■ Your instructions
The whole listing that follows is to be restated word for word, images excluded.
(Dataset excerpt Opens)
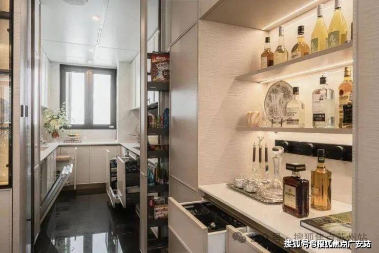 当下比较热门的横厅布局,横厅尺度达6.1米,层高3.15米,同样尺度奢阔。想象一下,家庭小型聚会,一边在大横厅里面和朋友畅聊,一边给友人煮咖啡或烤面包,生活场景丰富多姿。
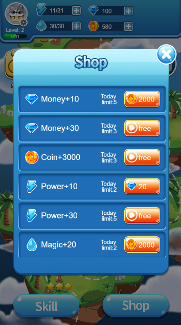 游戏内广告接口已预留好,接入三方SDK可直接使用。
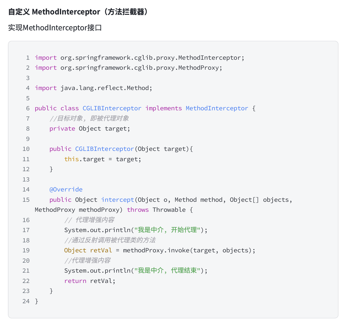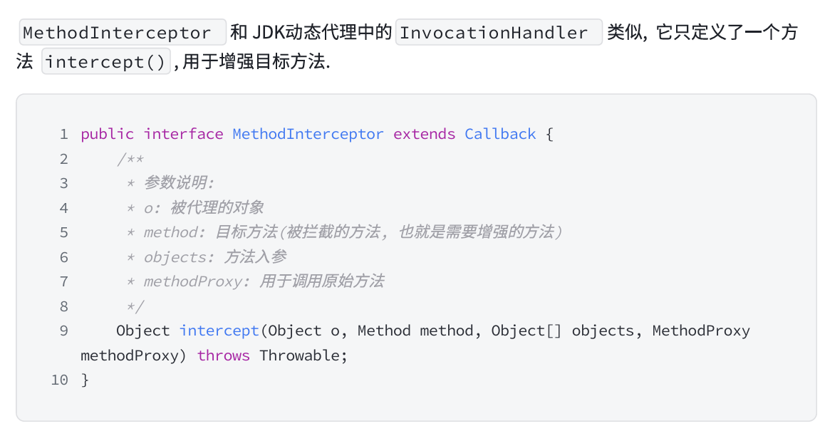 自定义方法 MethodInterceptor 并重写 intercept 方法,intercept 用于增强目标方法,和 JDK 代理中的 invoke 方法类似
(Dataset excerpt Closes)
■ Result for this exercise
 当下比较热门的横厅布局,横厅尺度达6.1米,层高3.15米,同样尺度奢阔。想象一下,家庭小型聚会,一边在大横厅里面和朋友畅聊,一边给友人煮咖啡或烤面包,生活场景丰富多姿。
 游戏内广告接口已预留好,接入三方SDK可直接使用。
 自定义方法 MethodInterceptor 并重写 intercept 方法,intercept 用于增强目标方法,和 JDK 代理中的 invoke 方法类似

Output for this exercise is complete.